Looking at the code, it looks like the loss NegativeSampling loss function is returning NaN when asked for its data on line 138 of train_context2vec.py, which sounds to me like either gradient vanishing or exploding. But I'm a bit surprised to see it happen this way- seems like it should have taken a little longer to blow up (or vanish), and also would've resulted in some more dramatic fluctuations in the output numbers before hitting NaN.

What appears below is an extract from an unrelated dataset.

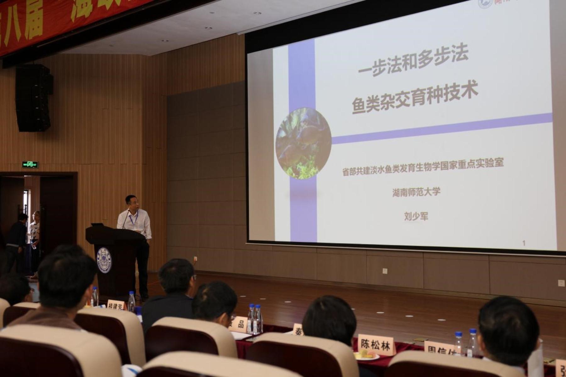 在学术报告环节,廖一久院士、桂建芳院士、英国阿伯丁大学的Christopher John Secombes教授、湖南师范大学的刘少军教授、张清风教授、英国阿伯丁大学的邹钧博士、中研院细胞与个体生物学研究所的黄鹏鹏研究员、王克坚教授分别应邀作了嘉宾报告,分享了各自领域中取得的最新研究进展,并为随后的分会场报告拉开帷幕。

Training happily continues for a few more days afterwards, but the resulting vectors are (unsurprisingly) full of NaNs. It happens at different points in the training (i.e., not always after the same number of words) so it doesn't seem to be caused by a malformed chunk of input, or anything like that, at least not as far as we can tell.

mfxss commented

@stevenbedrick I decreased the learning rate and got a better result. When you got nan the model is very likely to overfit. So you can stop for you have got a really small number that can't be recognised. Hope my experience helps.

Yes. I'd suggest you try decreasing the learning rate. That can be done both for Adam and SGD.

OK, we're going to try turning Adam's alpha value down to 0.0005 and see if that gets us anywhere. Thanks for the tips!